- [Task]:
The entries below contain pictures, which are to be left out; write out exactly, and only, the lines from the line with "在产品展销与体验区,各类特色" up to and including the line with "Muskaan Parikh: her".

:: Listed records

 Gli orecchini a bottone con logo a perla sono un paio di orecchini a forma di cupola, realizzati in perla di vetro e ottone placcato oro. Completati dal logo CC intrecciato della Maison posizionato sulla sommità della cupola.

::::
:: Listed records

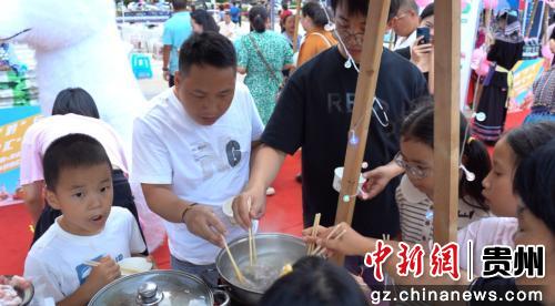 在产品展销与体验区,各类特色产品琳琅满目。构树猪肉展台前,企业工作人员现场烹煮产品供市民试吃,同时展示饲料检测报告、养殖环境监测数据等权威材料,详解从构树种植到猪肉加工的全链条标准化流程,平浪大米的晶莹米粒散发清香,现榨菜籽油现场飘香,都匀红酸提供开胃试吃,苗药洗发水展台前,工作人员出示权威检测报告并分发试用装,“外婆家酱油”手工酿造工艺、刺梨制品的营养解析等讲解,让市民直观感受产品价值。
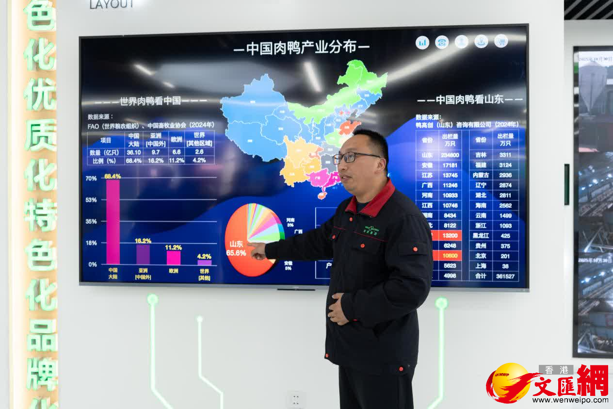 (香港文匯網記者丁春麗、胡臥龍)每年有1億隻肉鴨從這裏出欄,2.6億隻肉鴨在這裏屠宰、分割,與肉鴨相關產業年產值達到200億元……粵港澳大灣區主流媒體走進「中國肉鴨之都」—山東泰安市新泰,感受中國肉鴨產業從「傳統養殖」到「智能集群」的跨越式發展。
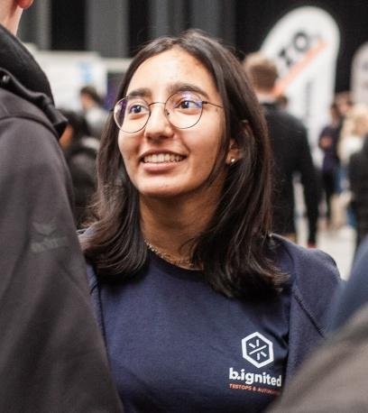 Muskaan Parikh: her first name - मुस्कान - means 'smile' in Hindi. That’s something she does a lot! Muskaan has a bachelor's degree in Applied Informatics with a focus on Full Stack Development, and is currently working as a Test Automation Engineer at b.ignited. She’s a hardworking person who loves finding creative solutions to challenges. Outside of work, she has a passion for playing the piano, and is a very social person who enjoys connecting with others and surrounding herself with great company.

::::

- [Task solution]:
 在产品展销与体验区,各类特色产品琳琅满目。构树猪肉展台前,企业工作人员现场烹煮产品供市民试吃,同时展示饲料检测报告、养殖环境监测数据等权威材料,详解从构树种植到猪肉加工的全链条标准化流程,平浪大米的晶莹米粒散发清香,现榨菜籽油现场飘香,都匀红酸提供开胃试吃,苗药洗发水展台前,工作人员出示权威检测报告并分发试用装,“外婆家酱油”手工酿造工艺、刺梨制品的营养解析等讲解,让市民直观感受产品价值。
 (香港文匯網記者丁春麗、胡臥龍)每年有1億隻肉鴨從這裏出欄,2.6億隻肉鴨在這裏屠宰、分割,與肉鴨相關產業年產值達到200億元……粵港澳大灣區主流媒體走進「中國肉鴨之都」—山東泰安市新泰,感受中國肉鴨產業從「傳統養殖」到「智能集群」的跨越式發展。
 Muskaan Parikh: her first name - मुस्कान - means 'smile' in Hindi. That’s something she does a lot! Muskaan has a bachelor's degree in Applied Informatics with a focus on Full Stack Development, and is currently working as a Test Automation Engineer at b.ignited. She’s a hardworking person who loves finding creative solutions to challenges. Outside of work, she has a passion for playing the piano, and is a very social person who enjoys connecting with others and surrounding herself with great company.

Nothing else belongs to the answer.